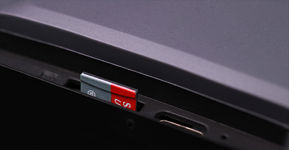 4〜32GBのmicroSDに対応し、写真や動画を保存できる。(microSDカードは別途購入)
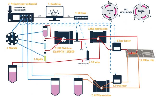 - 模擬生理流動(dòng)條件:MUX 再循環(huán)裝置允許對(duì)流體進(jìn)行精確、可編程的再循環(huán),這對(duì)于復(fù)制血腦屏障中內(nèi)皮細(xì)胞所經(jīng)歷的剪切應(yīng)力和流體動(dòng)力學(xué)至關(guān)重要。
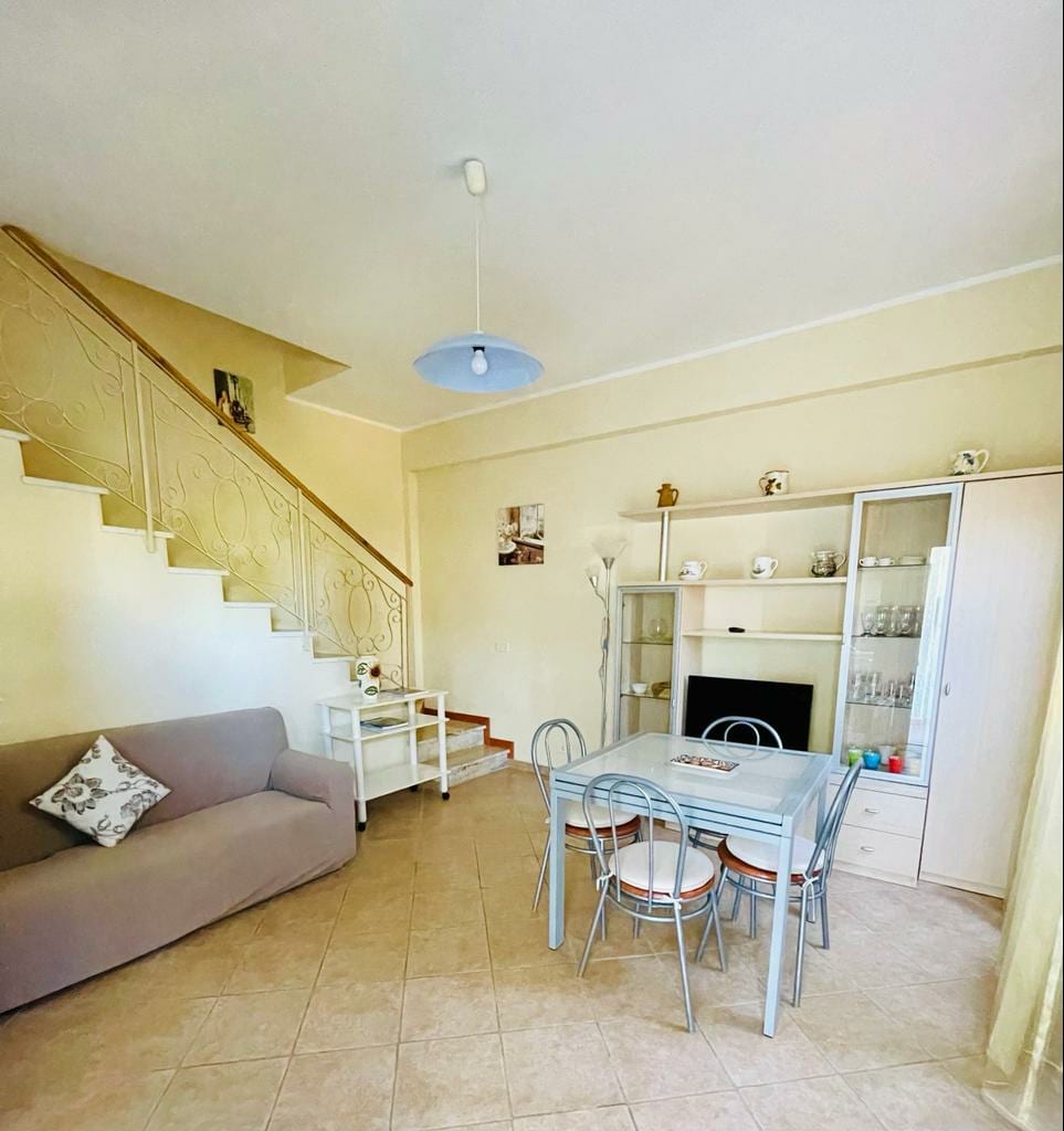 Accogliente e luminosa dimora 48mq completamente abitabile e climatizzata al 2 ed ultimo piano(noascensore) Soggiorno cucina,con accesso in terrazza con vista mozzafiato: Cenare o rilassarsi la rende unica Cameretta con letto a castello lunghezza max 1,80(NO ADULTI) e balcone camera matrimoniale con balcone,bagno con finestra -tv led 32in soggiorno -tv led 24in cameretta Bar,tabacchi,supermercato,ristoranti 70 metri dalla casa Si wifi no animali Spiaggia con ombrellone e lettini inclusi

• • • •

_Problem_
An exact copy of the material above is required, minus its images.

_Expected output_
 4〜32GBのmicroSDに対応し、写真や動画を保存できる。(microSDカードは別途購入)
 - 模擬生理流動(dòng)條件:MUX 再循環(huán)裝置允許對(duì)流體進(jìn)行精確、可編程的再循環(huán),這對(duì)于復(fù)制血腦屏障中內(nèi)皮細(xì)胞所經(jīng)歷的剪切應(yīng)力和流體動(dòng)力學(xué)至關(guān)重要。
 Accogliente e luminosa dimora 48mq completamente abitabile e climatizzata al 2 ed ultimo piano(noascensore) Soggiorno cucina,con accesso in terrazza con vista mozzafiato: Cenare o rilassarsi la rende unica Cameretta con letto a castello lunghezza max 1,80(NO ADULTI) e balcone camera matrimoniale con balcone,bagno con finestra -tv led 32in soggiorno -tv led 24in cameretta Bar,tabacchi,supermercato,ristoranti 70 metri dalla casa Si wifi no animali Spiaggia con ombrellone e lettini inclusi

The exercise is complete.